* _Problem_:
Leave out the pictures and transcribe the rest of the records exactly.

------------------------

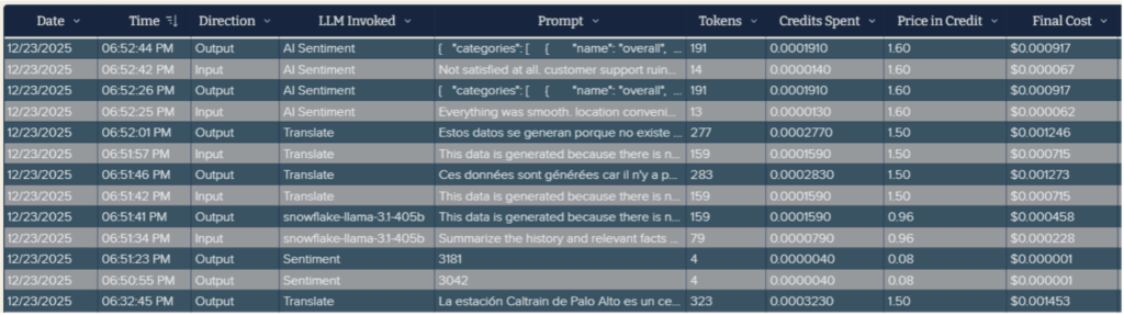 We logged each operation into a table to track token costs. After all, LLMs bill for both the input and the output (surprise!). Once there, we used the SNOWFLAKE.CORTEX.COUNT_TOKENS function in the “Tokens” calculated field to estimate token usage.
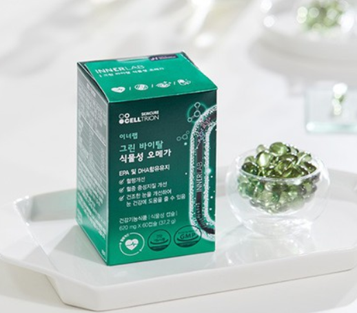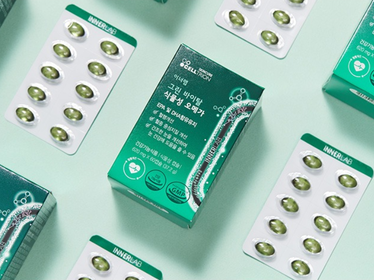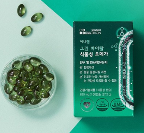 그린바이탈 식물성 오메가3는 셀트리온 스킨큐어의 건강기능식품 브랜드 '이너랩' 에서 만들어진 건강기능식품이에요! 이너랩은 지난 7월 출시한 초유 단백질이 런칭 4개월만에 매출 100억을 달성하고, 그 후에 출시한 플라센타 역시 홈쇼핑 완판을 기록하며 많은 분들에게 인기를 끌고 있는 것 같습니다.
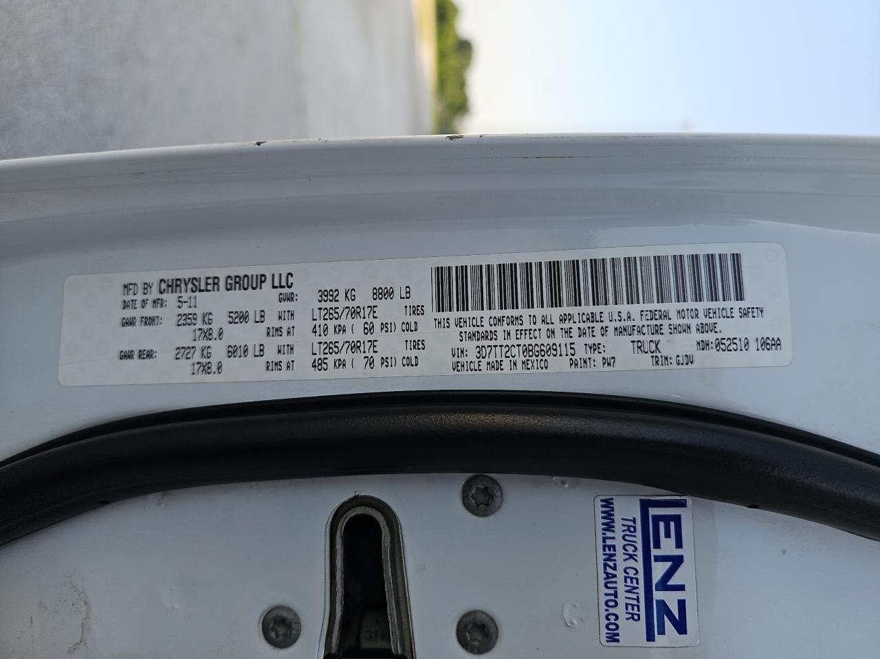 DODGE All Models WHITE 3D7TT2CT0BG609115
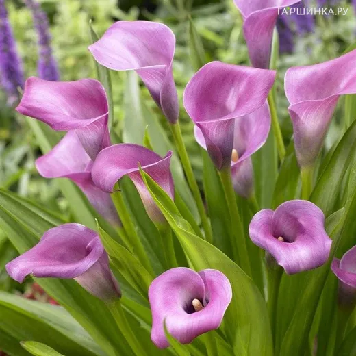 Калла Грейп Вельвет - многолетнее травянистое растение с клубневидным корневищем. Высота цветоносов 45 см. Превосходный компактный сорт с нежными светло-фиолетовыми цветками.
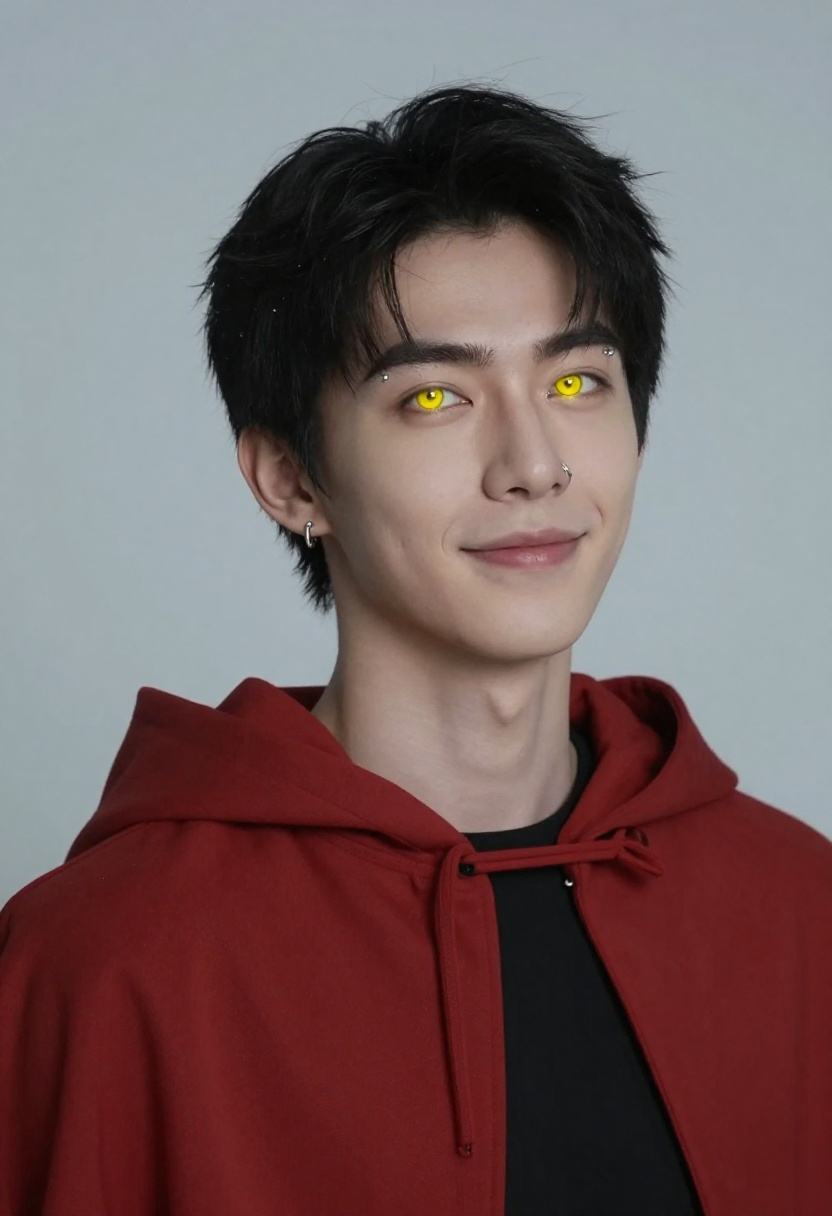 : Feitan's form is a canvas of contradictions. His stature is unassuming, yet the lean muscles that ripple beneath his skin speak of a coiled power, ready to unleash at a moment's notice. His complexion, a pale parchment, is stretched taut over high cheekbones and a jawline sharp enough to cut through the dimmest light. Eyes like molten gold bore into the soul, revealing a depth of malice and indifference that could only be born from a life lived in the abyss. His raven hair falls in a disheveled curtain, occasionally revealing a third eye—a mark of his otherworldly origins—that blinks with an intelligence untainted by human folly.
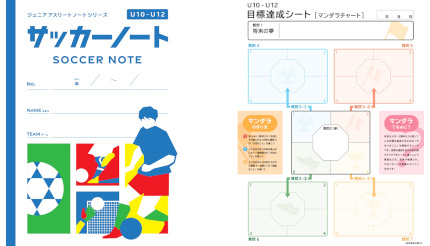 同ノートには、夢や目標を明確化して具体的な行動計画を立てるためのフレームワークとして使える、小学生向けに4マスバージョンとした「マンダラチャート」や、いつ・何を・どれくらい行うかを記録することで練習の計画を立てられる自主練習メニュー作成ページを備えるほか、睡眠時間や食事、挨拶といった生活習慣や、試合ごとに個人やチームのプレーの記録ができる。ほかにも、好きな選手の写真や合宿計画、技術練習の図といった、自由な発想で活用可能なページも用意している。
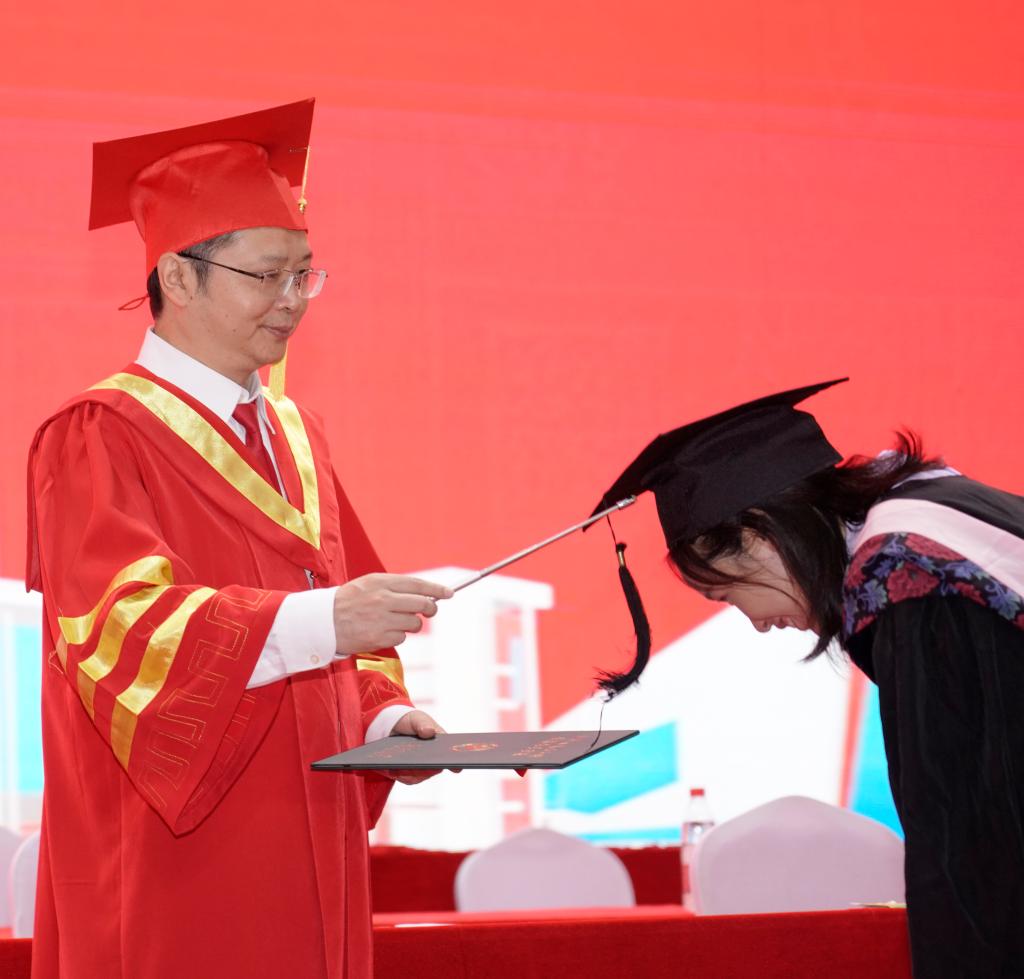 校领导为毕业学子拨穗正冠
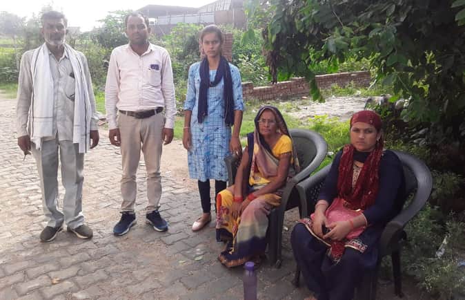 अमेठी कोहना में परिवार के साथ बैठी संजू देवी। संवाद
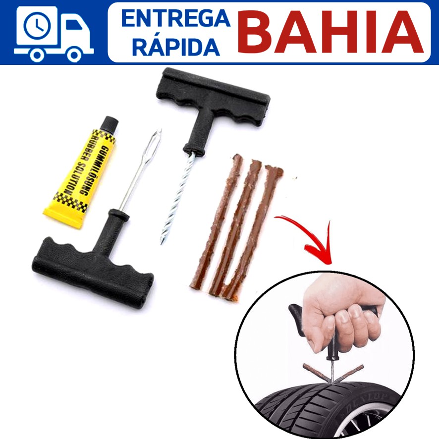 KIT Remendo Pneu sem Câmara Reparo Aplicador Escareador Cola Macarrão Refil Tarugo Carro Moto Barato - Estoque BAHIA
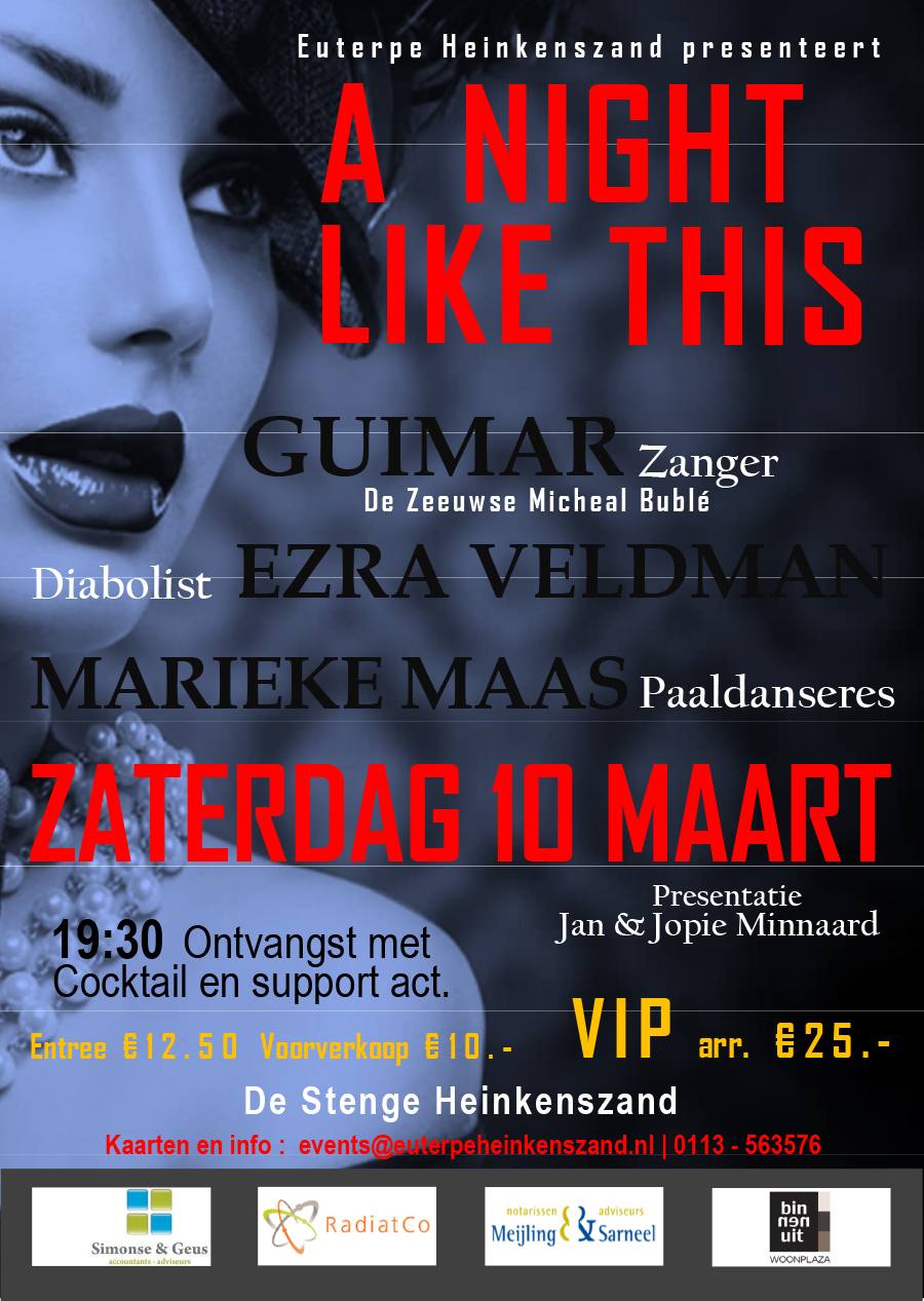 U kunt onze nachtclub "A night like this" bezoeken in ons Euterpetheater in de Stenge op zaterdagavond 10 maart as.

------------------------

* _Reply to the exercise_:
 We logged each operation into a table to track token costs. After all, LLMs bill for both the input and the output (surprise!). Once there, we used the SNOWFLAKE.CORTEX.COUNT_TOKENS function in the “Tokens” calculated field to estimate token usage.
 그린바이탈 식물성 오메가3는 셀트리온 스킨큐어의 건강기능식품 브랜드 '이너랩' 에서 만들어진 건강기능식품이에요! 이너랩은 지난 7월 출시한 초유 단백질이 런칭 4개월만에 매출 100억을 달성하고, 그 후에 출시한 플라센타 역시 홈쇼핑 완판을 기록하며 많은 분들에게 인기를 끌고 있는 것 같습니다.
 DODGE All Models WHITE 3D7TT2CT0BG609115
 Калла Грейп Вельвет - многолетнее травянистое растение с клубневидным корневищем. Высота цветоносов 45 см. Превосходный компактный сорт с нежными светло-фиолетовыми цветками.
 : Feitan's form is a canvas of contradictions. His stature is unassuming, yet the lean muscles that ripple beneath his skin speak of a coiled power, ready to unleash at a moment's notice. His complexion, a pale parchment, is stretched taut over high cheekbones and a jawline sharp enough to cut through the dimmest light. Eyes like molten gold bore into the soul, revealing a depth of malice and indifference that could only be born from a life lived in the abyss. His raven hair falls in a disheveled curtain, occasionally revealing a third eye—a mark of his otherworldly origins—that blinks with an intelligence untainted by human folly.
 同ノートには、夢や目標を明確化して具体的な行動計画を立てるためのフレームワークとして使える、小学生向けに4マスバージョンとした「マンダラチャート」や、いつ・何を・どれくらい行うかを記録することで練習の計画を立てられる自主練習メニュー作成ページを備えるほか、睡眠時間や食事、挨拶といった生活習慣や、試合ごとに個人やチームのプレーの記録ができる。ほかにも、好きな選手の写真や合宿計画、技術練習の図といった、自由な発想で活用可能なページも用意している。
 校领导为毕业学子拨穗正冠
 अमेठी कोहना में परिवार के साथ बैठी संजू देवी। संवाद
 KIT Remendo Pneu sem Câmara Reparo Aplicador Escareador Cola Macarrão Refil Tarugo Carro Moto Barato - Estoque BAHIA
 U kunt onze nachtclub "A night like this" bezoeken in ons Euterpetheater in de Stenge op zaterdagavond 10 maart as.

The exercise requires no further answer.